In the early 1950s, Rex and Agnes Tolton of Nestor Falls (Matt’s grandparents) laid claim to 2 acres on a 100-acre island at the top of Miles Bay. Rex spied the location as captain of a famous Lake of the Woods tourist boat known as the “Ark.” He built the camp’s first log cabin with hand tools, shuttling in supplies with an 18-foot wooden boat and 22-horsepower Johnson outboard.
Starting 13 years ago, Matt and Jenn took over and focused on modernizing the camp. They replaced a petroleum-powered generator with a government-subsidized solar system that requires only an occasional boost when clouds block out the sun for too long.
The docks have plug-ins for the boats and the cabins have lights and refrigerators, but guests aren’t allowed to bring in energy-sapping appliances like coffeepots, toasters, hair dryers or deep fryers.
It’s a, laid-back, do-it-yourself kind of place. Guests do their own cooking and housekeeping. Ice, minnows and boat gas can be purchased on site, and the clean, central showers are long on hot water.
Sixteen-foot aluminum boats and small outboards are available for rent, but most guests arrive in bigger, faster craft of their own. The camp doesn’t have a designated fishing guide, but arrangements can be made in advance with guides known by Matt and Jenn.
The no-frills tradition keeps lodging prices as low as $345 per person, per week — or a bit more if you opt to stay in a cabin refurbished with its own shower and composting toilet.
“We don’t have any schedules here,” Matt said. “We tell our guests to use your head and have a good time. This lake can be a dangerous playground.”

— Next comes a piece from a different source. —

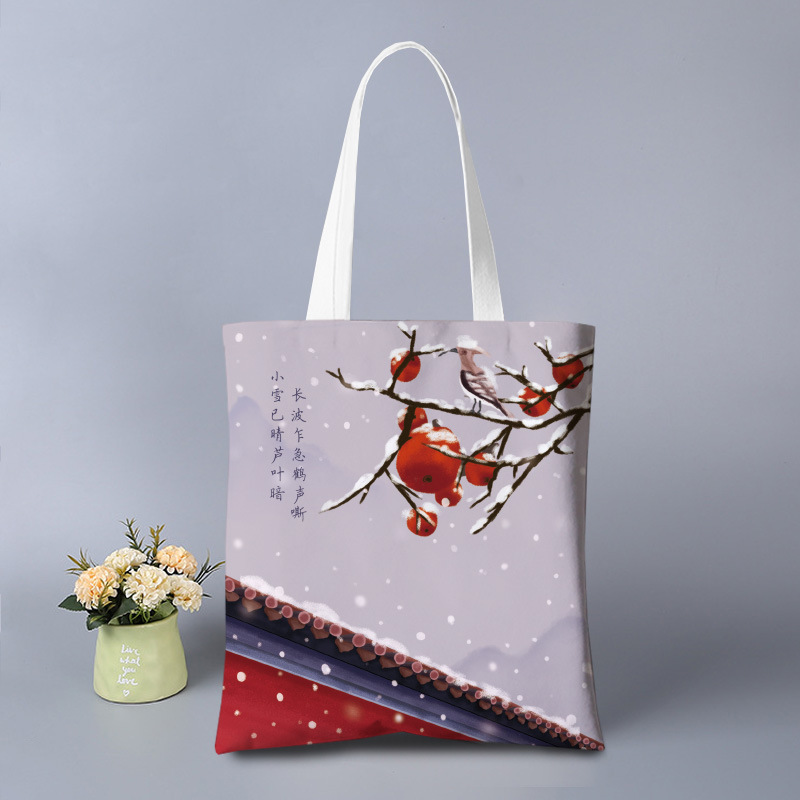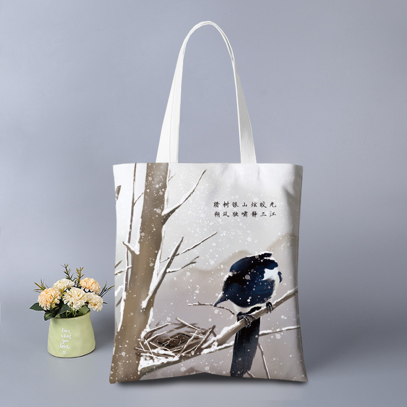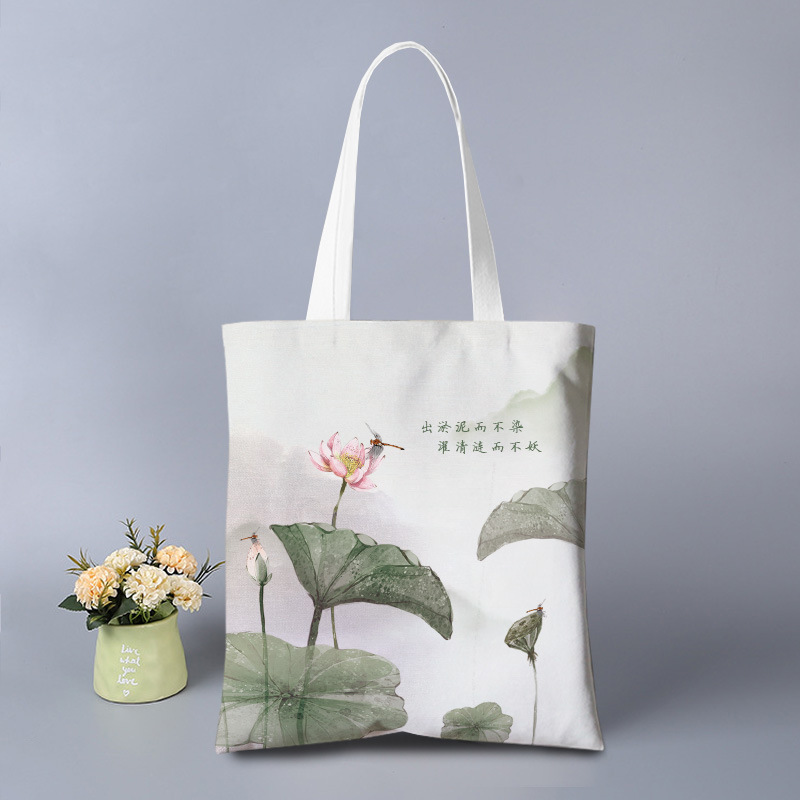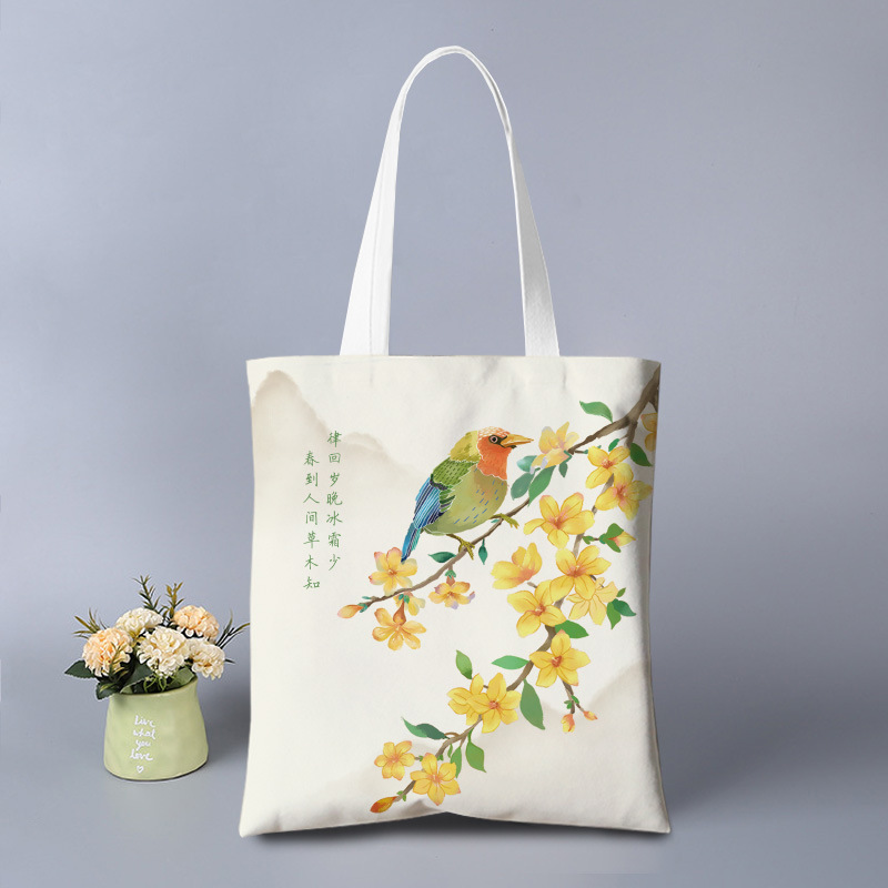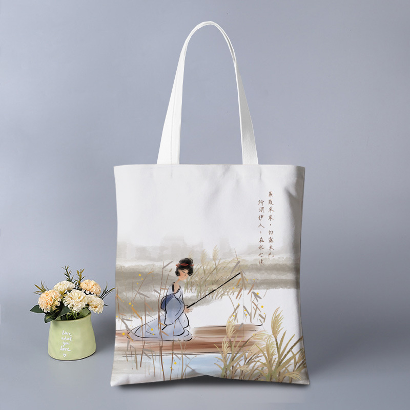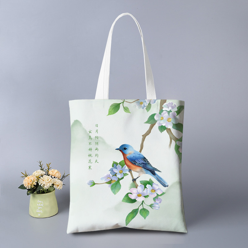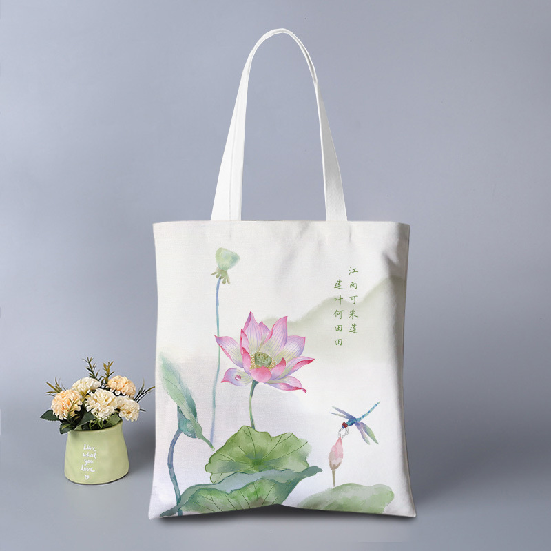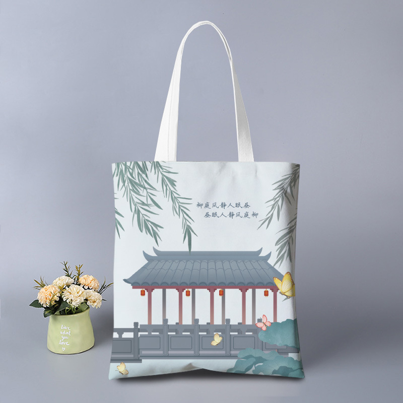 文艺古风帆布包民族风印花手提袋休闲百搭大容量环保袋中国风布包

To chase walleyes on Miles Bay in midsummer, you don’t need a computerized lake map or global-positioning device. Paper maps and depth-finders have sufficed for us in the past. But this year we were fully loaded with silicon and we were more sure of our positioning at all times.
In our first half-day of fishing, the walleyes were elusive. We tried rocky shorelines, 16 to 22 feet deep. We marked a lot of bait fish and found several jumbo perch and a few small saugers and walleyes. But we went to bed a little worried about our game plan.
Early the next morning, the Ward family solved things in a hurry. Before 8 a.m. in 15 feet of water near a sunken island, Mike landed a nice dinner fish. His dad, Scott, marked the location and moved his boat directly over the rocky, underwater bar. In no time, Scott and his three boys were consistently catching keepers in 26 to 28 feet of water.
For the rest of that day and for the three days thereafter, we followed the same pattern — guided by electronics that displayed the underwater structure and pinpointed our position. If you were jigging over a reef when the bite turned on, walleyes were bending rods.
My 9-year-old son, Joe, took advantage by improving his technique — catching six keepers in the course of one day. His brother, Jack, 7, was happy just to be netting fish and fetching minnows.
Miles Bay is bigger than most Minnesota lakes, and the traffic included anglers casting for bass, northerns and muskies. Crappies, too, are sought after in the bay, which includes a diversity of marshy inlets, shallow coves, bulrushes and sandy beaches.
We also couldn’t help but notice that some of our fellow anglers were in boats from other resorts, including a few that came from 32 miles away.